Имел ли он право судить о крестьянстве? Биография Варлама Шаламова, казалось бы, совсем не связана с традиционным деревенским укладом, как у Ивана Бунина. В молодости, до поступления в университет, будущий писатель два года (1924–1925) проработал на кожевенном заводе в Кунцеве под Москвой, где было немало вчерашних крестьян, с энтузиазмом участвовал в ликвидации неграмотности. Это был небольшой, но по-своему важный опыт. Однако главное познание психологии простого народа у Варлама Шаламова происходило уже в лагерных условиях, на протяжении почти двадцати лет. То, что он имел дело с «разворошенным бурей бытом» крестьян — с массой их, вырванных из привычной среды и брошенных на северные поселения и в лагеря, — давало ему как писателю свои большие преимущества. Именно непривычная среда, согласно известным психологическим закономерностям, раскрывает подлинное лицо человека, обнажая его личностные и социальные качества. В экстремальных же условиях лагеря, где неотвратимо и грозно заявляет о себе инстинкт выживания, это обнажение достигает апогея, высвечивая, как на ладони, и положительные и отрицательные черты каждого социального слоя. Все это необычайно остро чувствовал и отразил Варлам Шаламов. 

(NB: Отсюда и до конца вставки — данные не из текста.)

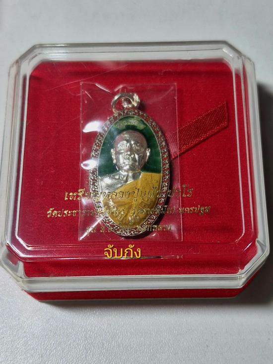 เหรียญใบขี้เหล็กหลวง หลวงปู่แผ้ว ปวโร เนื้อเงินลงยาเขียว หมายเลข1927 พระสวยสมบูรณ์ครับ
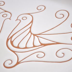 - La terza fase consiste nel togliere il pezzo dal forno che si sarà trasformato da semplice argilla in “biscotto” con una colorazione rossiccia. A questo punto il pezzo viene smaltato di bianco e lasciato asciugare per poi poter essere inciso e colorato.
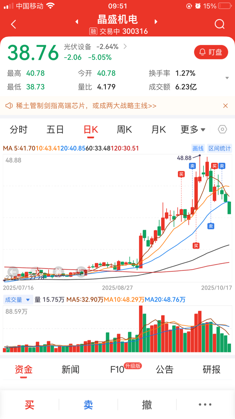 $晶盛机电(SZ300316)$ 虽然看好但没必要格局破位了就要跑
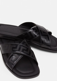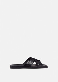 These open-toe sandals are made entirely from leather, featuring crisscross straps with a tonal Greca pattern in a lustrous patent finish. A logo stamp appears on cushioned insoles. DETAILS & CARE - Greca - Crisscross straps - Logo - Outer fabric: 100% Calf Leather - Lining: 100% Calf Leather - Sole: 100% Calf Leather SIZE & FIT - Fits true to size, take your normal size - All sizes fit Italian standards
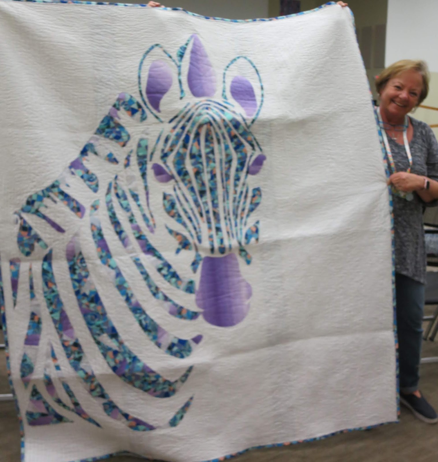 Karen T. (@yorkie3mom) finished this scrappy appliqué zebra quilt started during a fall 2018 workshop with Shannon Brinkley. She quilted it on her home sewing machine.

В письме Александру Солженицыну (ноябрь 1962 года) с разбором «Одного дня Ивана Денисовича», говоря о «глубоко и очень тонко показанной крестьянской психологии Шухова», Шаламов пишет: «Умная независимость, умное покорство судьбе, и умение приспособиться к обстоятельствам, и недоверие — все это черты народа, черты деревни» [15] [Шаламов В. Соч.: В 6 т. — Т. 6. — М., 2005. — С. 278.]. Это наглядно свидетельствует, что говорить о каком-либо предубеждении Варлама Шаламова против крестьянства не приходится, — подобно Ивану Бунину, он ясно осознает противоречивость народного характера и не закрывает глаза на несомненные его достоинства. В рассказе «Надгробное слово» Варлам Шаламов замечает, что «пятьдесят восьмой статьи среди крестьян было очень много», и видит причину этого в прагматизме и цинизме сталинского режима, жестоко эксплуатировавшего природные качества крестьян — трудолюбие и выносливость («особая мудрость Ежова и Берии, понимавших, что трудовая ценность интеллигенции весьма невысока»). 

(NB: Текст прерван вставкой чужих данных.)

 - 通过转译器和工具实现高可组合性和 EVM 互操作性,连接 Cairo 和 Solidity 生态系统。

В «лирическом» разговоре у лагерной печки в этом же рассказе фигурируют интеллигенты — бывшие профессора и инженеры. Но Варлам Шаламов дает слово и бывшему крестьянину Звонкову из «не то Ярославской, не то Костромской области». Разговор идет о том, кто бы что сделал, окажись на свободе. Простые мечты Звонкова о доме и жене звучат контрастом всем другим речам и подчеркивают, кажется, сохранившуюся здоровую натуру героя. На самом деле Звонков, как и все, надломлен, искорежен рабским трудом за колючей проволокой: «Вот только работать меня здесь отучили, — потерял я любовь к земле. Ну, устроюсь где-нибудь...» (Варлам Шаламов точно подметил явление: мало кто из крестьян после лагерей возвращался в родные деревни, становясь «перекати-полем»).

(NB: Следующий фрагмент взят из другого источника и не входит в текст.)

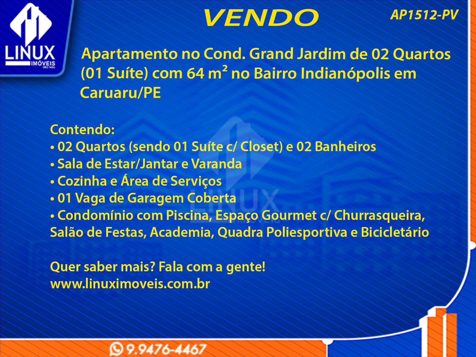 Apartamento no Cond. Grand Jardim em Caruaru/PE à Venda (AP1512-PV)
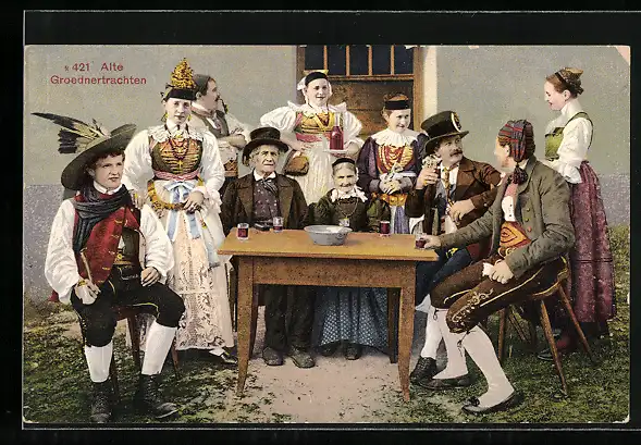 AK Feiernde Gesellschaft in alten Groednertrachten

Коренное убеждение Варлама Шаламова в том, что «лагерь — отрицательный опыт для человека», что «ни один человек не становится лучше после лагеря», относится ко всем, без исключения, социальным слоям. Тем не менее он не раз замечает, что бывшие крестьяне гораздо более податливы в нравственном отношении, когда дело касается контактов с властями, и особенно легко склоняются к доносительству. Наиболее резко на этот счет Шаламов высказался в другом письме Солженицыну (1966 год) в связи с образом Спиридона в романе «В круге первом». Фальшь этого образа — символа «народа-страдальца» — он вскрывает простым указанием на то, что «из крестьян стукачей было особенно много» [16] [Там же. — С. 314. Подробнее об образе Спиридона см. главу «Шаламов и Солженицын».]. 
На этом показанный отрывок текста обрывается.